AUTHOR CORRECTION
Volume 99, no. 9, e00253-25, 2025, https://doi.org/10.1128/jvi.00253-25. Due to an equipment malfunction, the serum samples included in the published article were improperly heat-inactivated at 43°C as opposed to the standard 56°C. To address this, tests of different heat inactivation (HI) conditions were conducted for both our neutralization and binding assays using a variety of samples from across our cohort. We found that proper heat inactivation significantly reduces MPXV neutralization, while the addition of 5% guinea pig serum (GPS, Sigma-Aldrich G9774) restores signal (Fig. 7A). This is in line with the finding from Hubert et al. that most of the MPXV neutralizing capacity is dependent upon complement (M. Hubert, F. Guivel-Benhassine, T. Bruel, F. Porrot, et al., 2023, Cell Host Microbe 31:937-948, https://doi.org/10.1016/j.chom.2023.05.001); this observation was described by Hubert and colleagues in samples from MVA-BN-vaccinated individuals (with and without prior smallpox-vaccination), smallpox-vaccinated individuals, and MPXV convalescent patients. We saw no significant effect of proper heat inactivation on binding (Fig. 7B and C). However, for samples lower in the assay’s dynamic range, the effect appeared larger. These data clearly indicate that samples heated at 43°C in our original article behave similarly to samples that were not heat inactivated.

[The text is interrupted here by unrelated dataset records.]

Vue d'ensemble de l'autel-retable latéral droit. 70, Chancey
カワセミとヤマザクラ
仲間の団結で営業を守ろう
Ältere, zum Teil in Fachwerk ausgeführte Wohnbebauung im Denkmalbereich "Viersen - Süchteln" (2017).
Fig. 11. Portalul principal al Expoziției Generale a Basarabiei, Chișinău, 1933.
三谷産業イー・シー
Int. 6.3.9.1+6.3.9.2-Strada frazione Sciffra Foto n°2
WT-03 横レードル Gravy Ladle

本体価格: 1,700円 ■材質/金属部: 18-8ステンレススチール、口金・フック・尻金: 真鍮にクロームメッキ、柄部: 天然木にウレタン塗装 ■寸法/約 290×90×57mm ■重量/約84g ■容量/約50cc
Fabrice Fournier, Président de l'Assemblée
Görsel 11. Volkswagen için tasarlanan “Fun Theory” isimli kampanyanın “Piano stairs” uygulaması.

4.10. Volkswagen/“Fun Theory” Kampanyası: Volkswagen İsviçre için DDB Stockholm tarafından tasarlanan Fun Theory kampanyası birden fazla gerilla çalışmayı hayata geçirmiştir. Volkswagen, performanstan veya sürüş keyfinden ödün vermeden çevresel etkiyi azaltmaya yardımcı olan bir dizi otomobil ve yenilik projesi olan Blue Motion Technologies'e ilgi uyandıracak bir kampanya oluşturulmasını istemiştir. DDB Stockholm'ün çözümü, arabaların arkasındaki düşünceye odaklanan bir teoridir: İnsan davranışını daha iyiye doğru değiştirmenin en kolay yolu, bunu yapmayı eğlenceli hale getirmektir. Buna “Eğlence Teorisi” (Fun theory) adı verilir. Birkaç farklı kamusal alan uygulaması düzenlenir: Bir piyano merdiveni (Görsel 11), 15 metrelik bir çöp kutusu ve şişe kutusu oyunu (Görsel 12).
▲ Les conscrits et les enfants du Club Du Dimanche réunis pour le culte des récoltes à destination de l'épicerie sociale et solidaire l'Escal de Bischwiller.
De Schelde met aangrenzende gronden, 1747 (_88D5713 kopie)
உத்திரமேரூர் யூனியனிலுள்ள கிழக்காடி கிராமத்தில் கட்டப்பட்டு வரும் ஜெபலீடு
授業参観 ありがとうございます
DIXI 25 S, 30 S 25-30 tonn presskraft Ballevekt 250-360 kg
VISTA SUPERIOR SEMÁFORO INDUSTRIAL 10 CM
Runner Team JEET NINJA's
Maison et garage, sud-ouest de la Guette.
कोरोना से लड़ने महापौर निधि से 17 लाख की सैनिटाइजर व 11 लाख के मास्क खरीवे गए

To determine whether the findings reported in our article would remain when samples were properly heat inactivated, we re-tested samples from the MVA-BN only group (naïve vaccinees), MVA-BN +smallpox vaccine group (experienced vaccinees), and the smallpox vaccine-only group (experienced controls). For MPXV neutralization, we found a significant correlation between the values previously published using heat treatment at 43°C and the values obtained using proper heat inactivation (56°C) with added GPS (Fig. 7D). Furthermore, when we assessed IgG binding to the MPXV H3 and A35 proteins with heat-inactivated (56°C) and non-heat-inactivated samples (43°C), we again observed a significant correlation (Fig. 7E and F). Taken together, these data clearly indicate that non-heat-inactivated samples behave similarly to (i) heat-inactivated samples for IgG binding and (ii) heat-inactivated samples with added GPS for neutralization. As such, we believe that our original findings stand. We apologize for this error and any inconvenience it might have caused.
Fig 7.
Heat treatment at 43°C yields binding and neutralizing titers that significantly correlate with values from heat inactivation at 56°C (with added GPS for neutralization). (A) Samples from V3 were tested for MPXV neutralization using the method described in our published article. Guinea pig serum (GPS, 5%) was used as a source of complement. Samples with an ID50 of less than 10 are displayed as an ID50 value of 5. (B and C) Samples from V5 were assayed for either anti-MPXV H3 IgG (B) or anti-MPXV A35 IgG (C) using the multiplexed immunoassay described in our published article. (D) Spearman correlation of MPXV neutralization with heat treatment at 43°C or heat inactivation at 56°C with added 5% GPS. (E) Spearman correlation of anti-MPXV H3 IgG titers with heat treatment at 43°C or heat inactivation at 56°C. (F) Spearman correlation of anti-MPXV A35 IgG titers with heat treatment at 43°C or heat inactivation at 56°C. Statistics for panels A through C were conducted using the Wilcoxon matched-pairs signed rank test.
EDITOR'S NOTE
Ed. Note: This correction was reviewed by the original article's peer reviewers and approved in consultation with the handling editor and journal editors-in-chief.